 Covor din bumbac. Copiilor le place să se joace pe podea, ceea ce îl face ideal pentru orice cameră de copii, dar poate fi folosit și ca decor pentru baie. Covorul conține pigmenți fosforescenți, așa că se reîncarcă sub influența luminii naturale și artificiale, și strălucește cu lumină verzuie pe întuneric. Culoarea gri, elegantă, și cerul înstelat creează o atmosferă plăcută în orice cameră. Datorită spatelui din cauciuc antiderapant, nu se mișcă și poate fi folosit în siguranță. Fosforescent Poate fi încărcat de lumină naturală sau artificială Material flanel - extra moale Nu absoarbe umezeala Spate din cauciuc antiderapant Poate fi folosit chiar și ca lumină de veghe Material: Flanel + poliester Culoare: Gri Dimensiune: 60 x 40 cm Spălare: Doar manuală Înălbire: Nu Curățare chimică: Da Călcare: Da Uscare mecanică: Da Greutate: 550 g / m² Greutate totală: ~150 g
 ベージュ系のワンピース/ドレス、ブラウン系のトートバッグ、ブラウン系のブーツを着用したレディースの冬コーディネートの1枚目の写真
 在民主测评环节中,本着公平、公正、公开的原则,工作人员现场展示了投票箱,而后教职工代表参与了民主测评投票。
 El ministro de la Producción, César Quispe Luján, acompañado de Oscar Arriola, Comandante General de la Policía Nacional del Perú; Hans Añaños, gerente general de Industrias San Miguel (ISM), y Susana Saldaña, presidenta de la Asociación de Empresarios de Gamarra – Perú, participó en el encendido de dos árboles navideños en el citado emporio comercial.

---

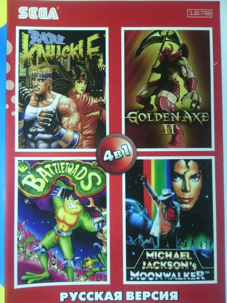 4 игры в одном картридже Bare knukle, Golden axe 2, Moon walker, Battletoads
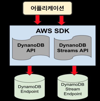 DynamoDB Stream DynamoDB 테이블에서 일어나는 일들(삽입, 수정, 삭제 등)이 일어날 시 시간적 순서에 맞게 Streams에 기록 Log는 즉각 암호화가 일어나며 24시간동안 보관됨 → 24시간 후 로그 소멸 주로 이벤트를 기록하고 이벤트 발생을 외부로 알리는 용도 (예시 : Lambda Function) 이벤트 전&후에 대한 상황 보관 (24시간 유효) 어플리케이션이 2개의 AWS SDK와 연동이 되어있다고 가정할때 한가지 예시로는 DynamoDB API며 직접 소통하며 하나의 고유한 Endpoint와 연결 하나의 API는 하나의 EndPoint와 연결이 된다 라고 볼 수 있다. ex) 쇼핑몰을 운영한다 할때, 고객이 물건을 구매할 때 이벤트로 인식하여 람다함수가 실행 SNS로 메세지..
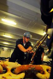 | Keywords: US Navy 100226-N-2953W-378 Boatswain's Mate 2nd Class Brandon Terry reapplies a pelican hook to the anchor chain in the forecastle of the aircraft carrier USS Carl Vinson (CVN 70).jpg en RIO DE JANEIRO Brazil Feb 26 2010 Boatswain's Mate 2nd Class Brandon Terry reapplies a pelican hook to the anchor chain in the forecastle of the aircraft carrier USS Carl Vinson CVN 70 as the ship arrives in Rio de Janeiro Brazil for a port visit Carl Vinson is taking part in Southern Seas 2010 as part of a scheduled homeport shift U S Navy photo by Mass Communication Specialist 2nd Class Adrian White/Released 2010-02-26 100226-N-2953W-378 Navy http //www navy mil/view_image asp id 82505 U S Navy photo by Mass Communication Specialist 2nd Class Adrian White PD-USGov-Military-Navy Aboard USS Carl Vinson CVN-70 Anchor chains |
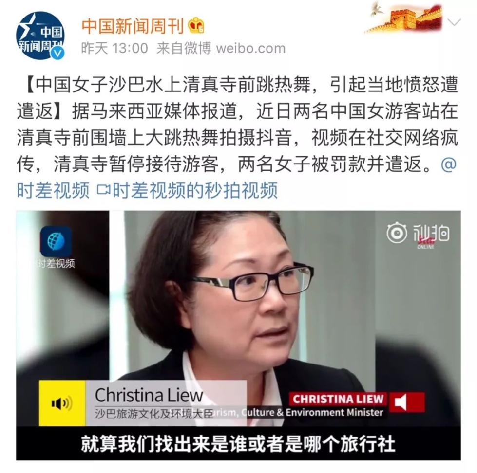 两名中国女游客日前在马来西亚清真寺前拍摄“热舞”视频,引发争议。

...

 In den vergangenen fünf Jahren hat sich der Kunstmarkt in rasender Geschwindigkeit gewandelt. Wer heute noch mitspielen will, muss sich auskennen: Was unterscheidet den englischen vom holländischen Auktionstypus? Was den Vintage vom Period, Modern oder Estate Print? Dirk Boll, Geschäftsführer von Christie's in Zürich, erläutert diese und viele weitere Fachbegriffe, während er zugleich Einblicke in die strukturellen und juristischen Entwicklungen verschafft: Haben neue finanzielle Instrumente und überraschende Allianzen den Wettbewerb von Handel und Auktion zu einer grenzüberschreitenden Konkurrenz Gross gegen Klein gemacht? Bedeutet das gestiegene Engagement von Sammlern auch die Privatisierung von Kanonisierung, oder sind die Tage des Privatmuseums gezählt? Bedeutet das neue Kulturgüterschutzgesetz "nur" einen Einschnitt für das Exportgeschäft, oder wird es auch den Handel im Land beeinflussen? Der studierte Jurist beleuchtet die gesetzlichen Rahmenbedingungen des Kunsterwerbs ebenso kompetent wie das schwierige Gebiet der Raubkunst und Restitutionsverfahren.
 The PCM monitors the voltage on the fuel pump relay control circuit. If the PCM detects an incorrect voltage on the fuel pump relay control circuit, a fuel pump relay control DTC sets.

WHAT IS BEING ASKED >> Copy, exactly and only, the lines above that begin with the one containing "在民主测评环节中,本着公平、" and finish with the one containing "El ministro de".

EXPECTED OUTPUT >>
 在民主测评环节中,本着公平、公正、公开的原则,工作人员现场展示了投票箱,而后教职工代表参与了民主测评投票。
 El ministro de la Producción, César Quispe Luján, acompañado de Oscar Arriola, Comandante General de la Policía Nacional del Perú; Hans Añaños, gerente general de Industrias San Miguel (ISM), y Susana Saldaña, presidenta de la Asociación de Empresarios de Gamarra – Perú, participó en el encendido de dos árboles navideños en el citado emporio comercial.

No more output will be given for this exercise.